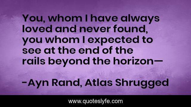 This page presents the quote "You, whom I have always loved and never found, you whom I expected to see at the end of the rails beyond the horizon—". Author of this quote is Ayn Rand, Atlas Shrugged. This quote is about atlantis, idea, memory, love, unattainable, affection,.
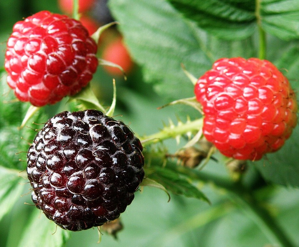 The black raspberry is related to the red raspberry Rubus idaeus and Rubus strigosus, sharing the white underside of leaves, and fruit that readily detaches from the carpel.
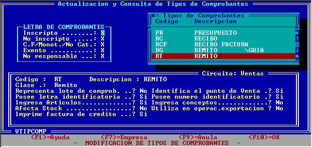 el talonario asociado al comprobante indicado. Presionando <F2>

### [Task details]
Starting at the line with "The black raspberry", output each line through the final one of the listing above, and nothing else. Pictures are to be left out.

### [Solution to this problem]
 The black raspberry is related to the red raspberry Rubus idaeus and Rubus strigosus, sharing the white underside of leaves, and fruit that readily detaches from the carpel.
 el talonario asociado al comprobante indicado. Presionando <F2>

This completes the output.